Floyd et al.              Expires: August 2008                 [Page 18]


INTERNET-DRAFT        TFRC: Protocol Specification         February 2008


    1)  Calculate a new round trip sample:

             R_sample = (t_now - t_recvdata) - t_delay.


    2)  Update the round trip time estimate:

             If no feedback has been received before {
                 R = R_sample;
             } Else {
                 R = q*R + (1-q)*R_sample;
             }

        TFRC is not sensitive to the precise value for the filter
        constant q, but we recommend a default value of 0.9.

    3)  Update the timeout interval:

             RTO = max(4*R, 2*s/X)


    4)  Update the allowed sending rate as follows.  This procedure uses
        the following new variable:

             t_mbi: the maximum backoff interval of 64 seconds.

        The procedure for updating the allowed sending rate:
























Floyd et al.              Expires: August 2008                 [Page 19]


INTERNET-DRAFT        TFRC: Protocol Specification         February 2008


             If (the entire interval covered by the feedback packet
                   was a data-limited interval) {
                 If the feedback packet reports a new loss event (or an
                              increase in the loss event rate p) {
                     Halve entries in X_recv_set;
                     X_recv = 0.85 * X_recv;
                     Maximize X_recv_set;
                     recv_limit = max (X_recv_set);
                 } Else {
                     Maximize X_recv_set;
                     recv_limit = 2 * max (X_recv_set);
                 }
             } Else {                      // typical behavior
                 Update X_recv_set;
                 recv_limit = 2 * max (X_recv_set);
             }
             If (p > 0) {          // congestion avoidance phase
                 Calculate X_Bps using the TCP throughput equation.
                 X = max(min(X_Bps, recv_limit), s/t_mbi);
             } Else if (t_now - tld >= R) }
                 // initial slow-start
                 X = max(min(2*X, recv_limit), initial_rate);
                 tld = t_now;
             }


    5)  If oscillation reduction is used, calculate the instantaneous
        transmit rate X_inst, following Section 4.5.

    6)  Reset the nofeedback timer to expire after RTO seconds.

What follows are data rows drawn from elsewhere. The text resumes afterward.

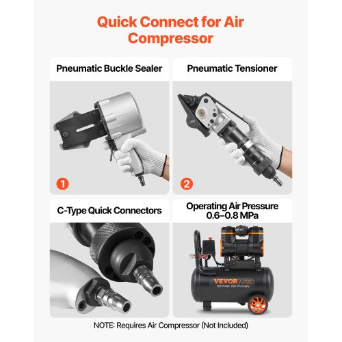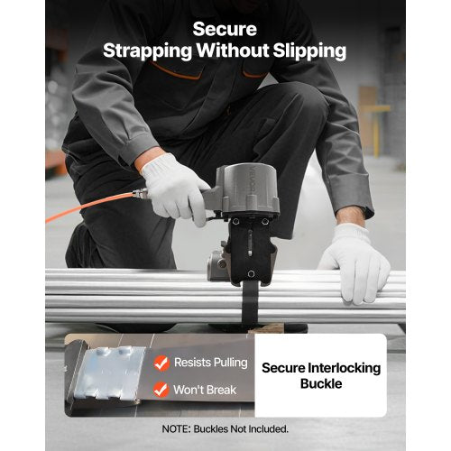 Pneumatisk stålbandningsmaskin, 8500 N spänningskraft, metallbandningsverktyg, spännare och skärförslutare för 19 mm breda metallband, kraftig delad balpress för höghållfasta förpackningar | EU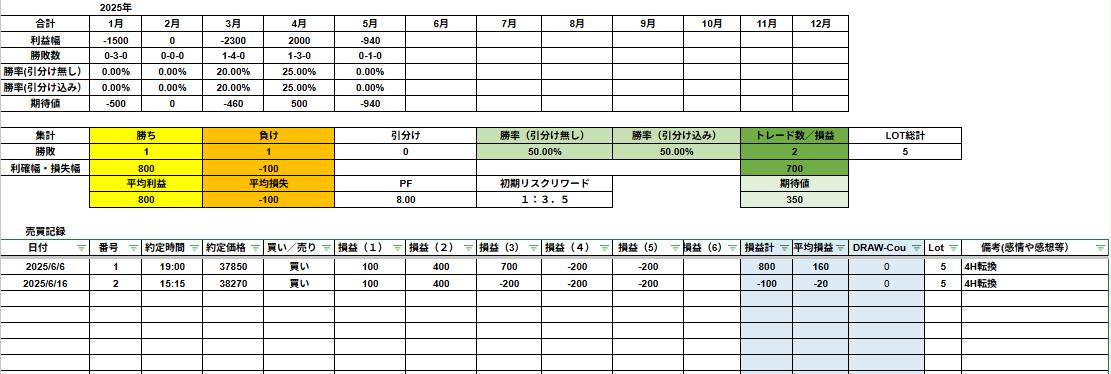 トレード日記|2025年6月16日 日経225 4H転換狙いでちょい負け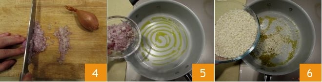 e a cebola echalote 4; refogue a cebola echalote em uma panela antiaderente grande com o azeite 5 depois adicione o arroz 6, deixando-o tostar por 1 minuto.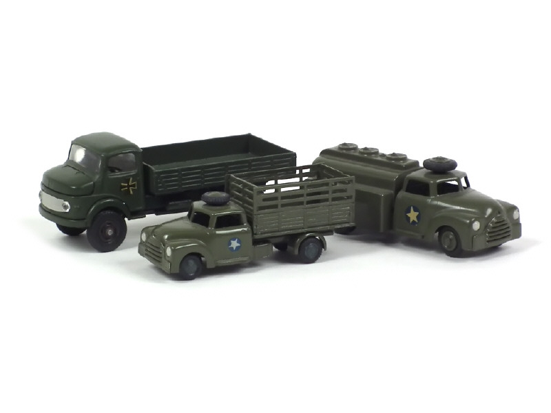 comprend : DODGE citerne, MINI DODGE plateau à clairevoie & MERCEDES plateau à ridelles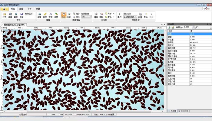 自行創(chuàng)制一鍵自動(dòng)分析向?qū)?/span>,適用于水稻、小麥、玉米、豆類、油菜籽、瓜子、蔬菜籽等各類農(nóng)作物的自動(dòng)精確考種、各類糧庫(kù)的蟲口自動(dòng)計(jì)數(shù),以及出苗數(shù)分析,顯示和輸出計(jì)數(shù)結(jié)果。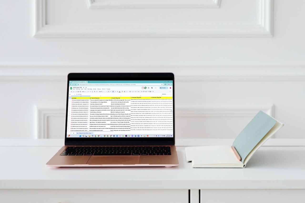 Trong file này, mình liệt kê ra 10 cột, bao gồm: link video, tiêu đề tiếng Anh, tiêu đề tiếng Việt, transcript tiếng Anh, transcript tiếng Việt, cụm từ, giải thích ngữ pháp, bài tập trắc nghiệm, bài tập điền từ và checkbox theo dõi quá trình học tập.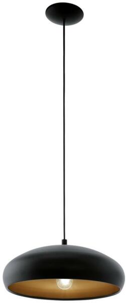 Ezt a Mogano mennyezeti lámpát az Eglo gyártja. Kívül fekete, belül vörösréz acél burája 400 mm átmérőjű, a maximális belógása pedig 1100 mm. A belógás magasságát te állíthatod: ha magasabbra szeretnéd húzni, a felesleges kábelmennyiséget tekerd a mennyezethez csatlakozó pogácsába. Súlya közel 2 és fél kg. A lámpa egy fényponttal rendelkezik, foglalata E27 (max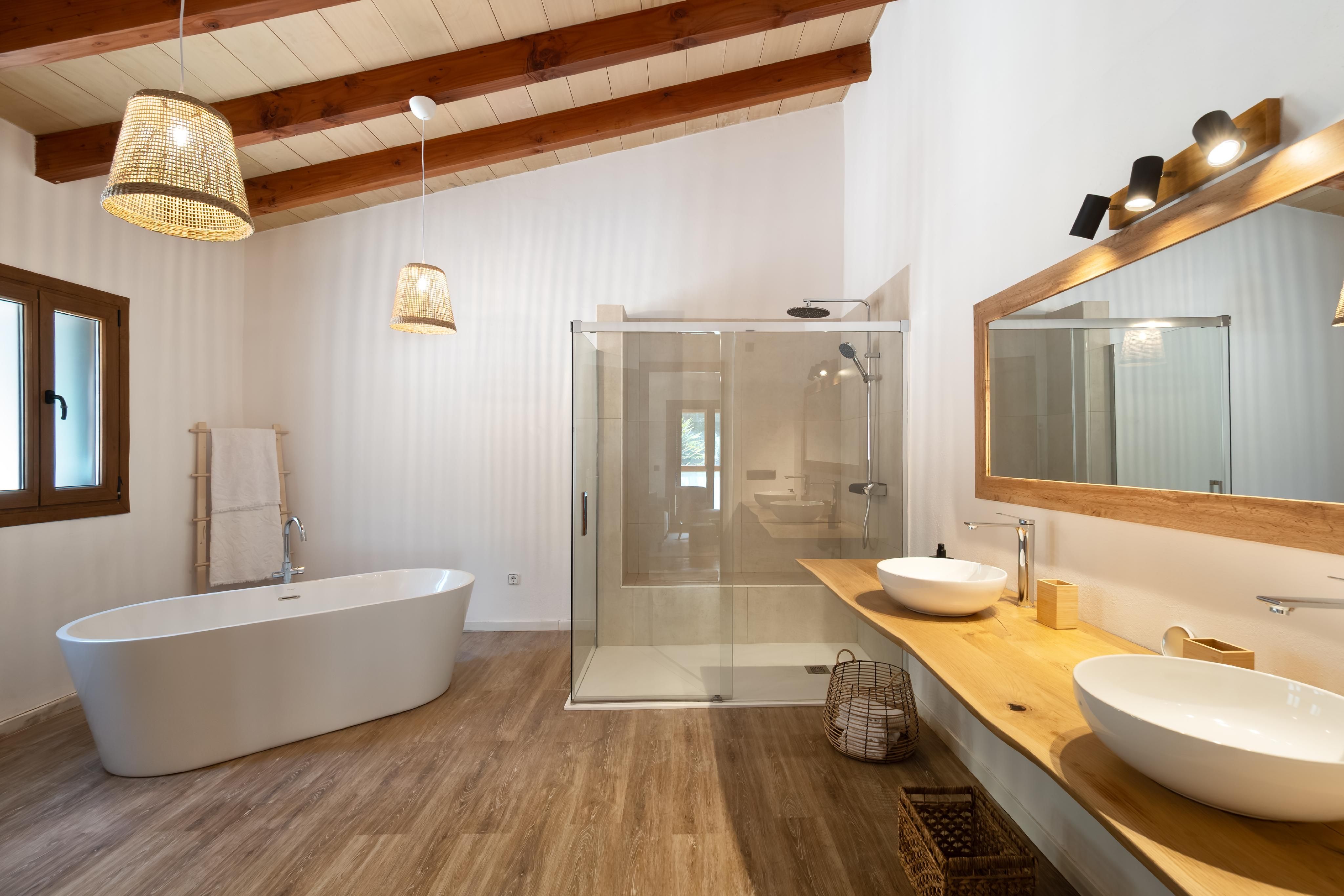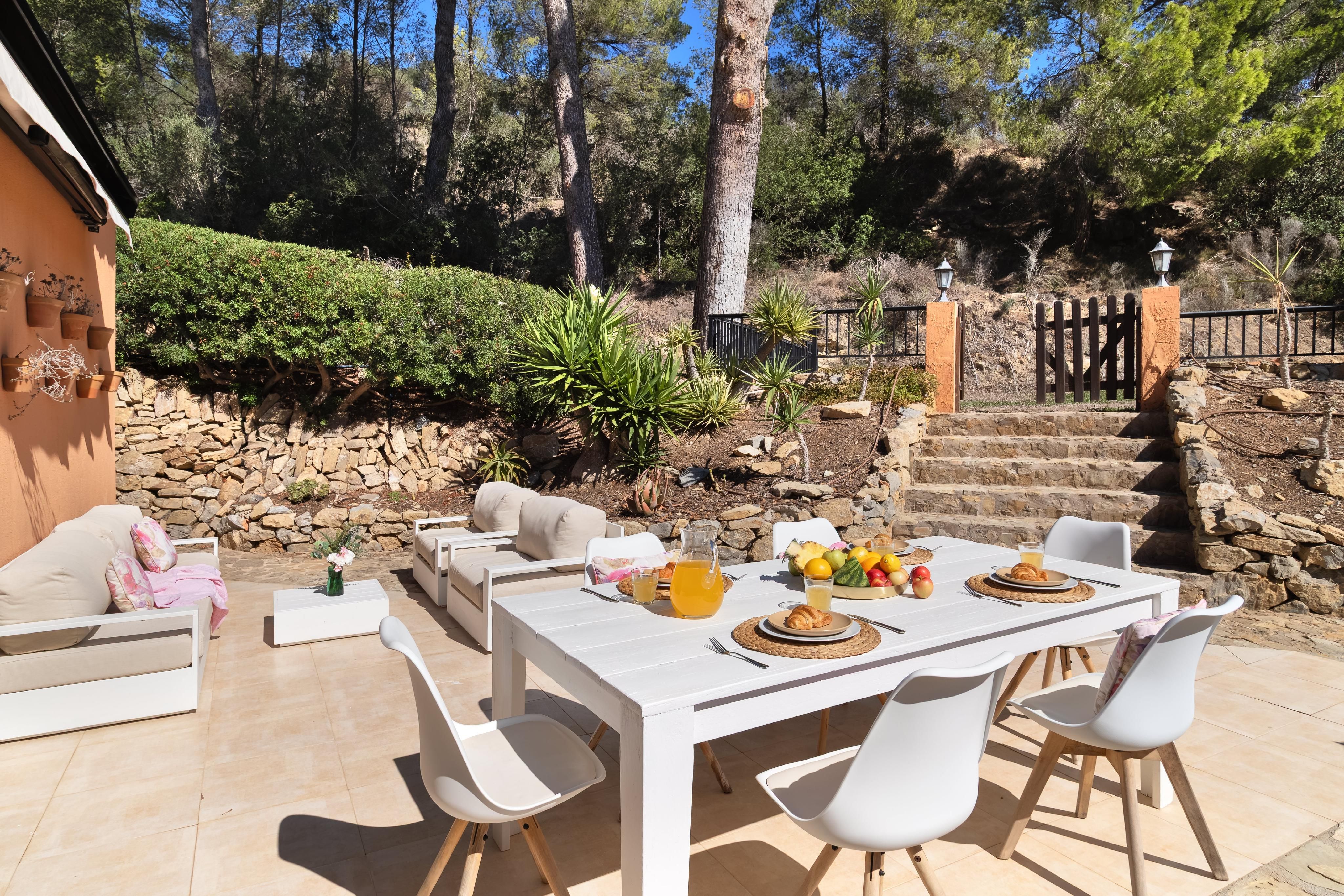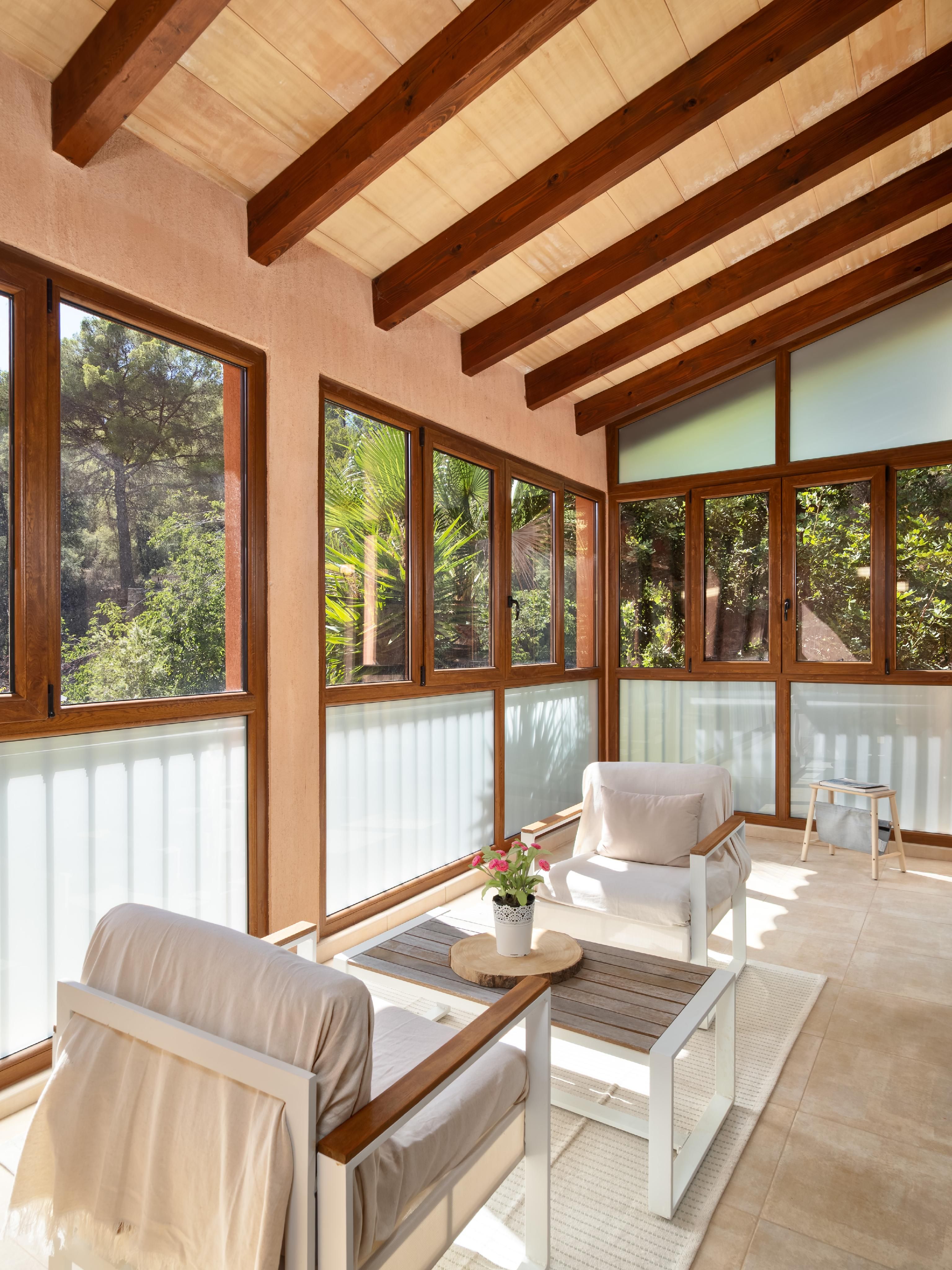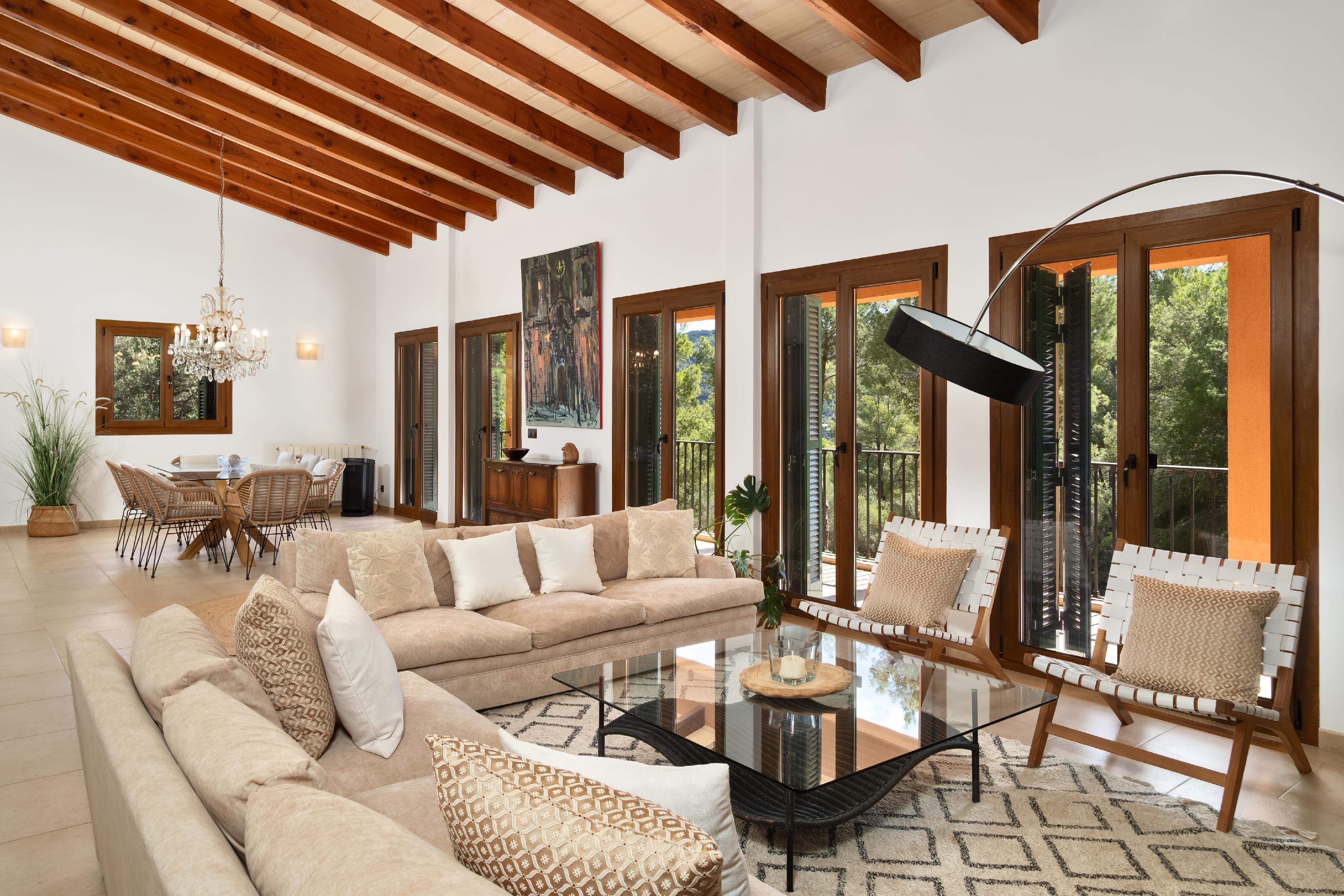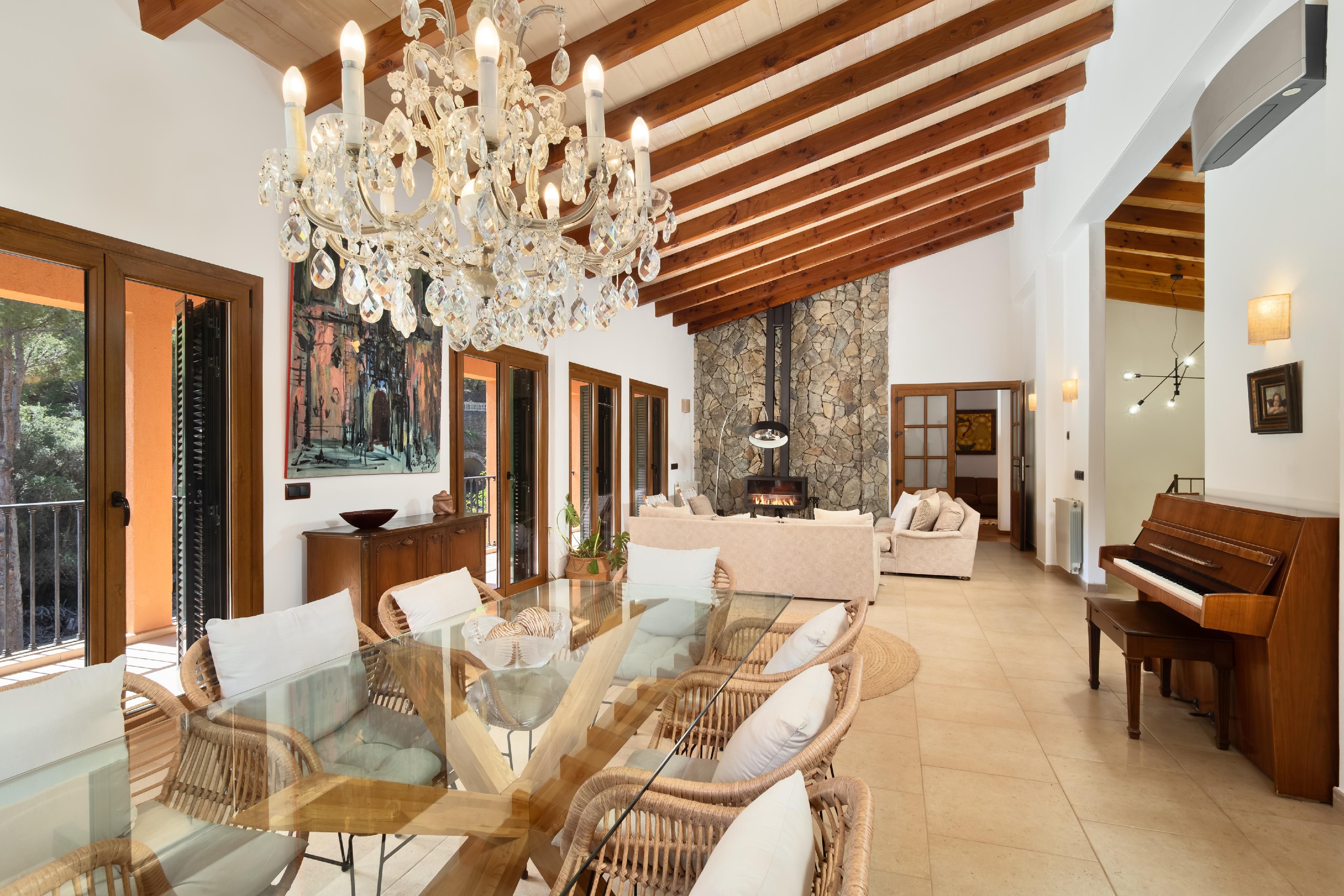 Nestled in the peaceful hills of Andratx, this impressive country estate offers a true sense of nature, privacy, and Mediterranean charm. A private driveway meanders through the estate’s own forest and natural landscape, leading to the main house, surrounded by pine trees and open countryside views. The property extends over approximately 60,000 m² and offers total tranquility, yet is located just a few minutes from the harbor of Puerto Andratx. The estate also benefits from a holiday rental license, making it an excellent investment opportunity as well as a private retreat. The main residence is spread over two floors with a total built area of approximately 530 m², of which around 455 m² correspond to living space. On the main floor, a generous entrance hall welcomes you, leading to a bright and spacious living and dining area with high ceilings, wooden beams, and a fireplace — creating a warm and elegant atmosphere. From here, you step out onto a large covered terrace overlooking the gardens and surrounding greenery. On this level there is also a fully equipped kitchen with direct access to the outdoor area and pool, as well as a large master suite with a private lounge, en-suite bathroom, and glazed terrace. On the lower level, three additional bedrooms — each with an en-suite bathroom — open directly onto the garden. The outdoor area features a large swimming pool (approx. 72 m²), sun terraces, and various relaxing corners surrounded by nature. A guest house and garage complete this exceptional property. This stunning property, set on an expansive plot of approximately 60,000 m², offers complete privacy and a serene setting with its own private forest, while being just minutes from Puerto Andratx. The residence boasts a living area of around 455 m² and a total constructed area of approximately 530 m², featuring four bedrooms, four bathrooms, and a charming guest house. Designed for comfort and modern living, it includes a fireplace, solar panels, garage, and a swimming pool, making it an exceptional retreat that combines natural beauty with luxury amenities. This finca is ideal for those seeking peace, authenticity, and a deep connection with nature — all within close reach of the exclusive port of Andratx.

    The subroutine for maximizing X_recv_set keeps a single value, the
    largest value from X_recv_set and the new X_recv.

         Maximize X_recv_set:
             Add X_recv to X_recv_set;
             Set the timestamp of the largest item to the current time;
             Delete all other items.


    The subroutine for updating X_recv_set keeps a set of X_recv values
    with timestamps from the most recent two round-trip times.

         Update X_recv_set:
             Add X_recv to X_recv_set;
             Delete from X_recv_set values older than
                 two round-trip times.




Floyd et al.              Expires: August 2008                 [Page 20]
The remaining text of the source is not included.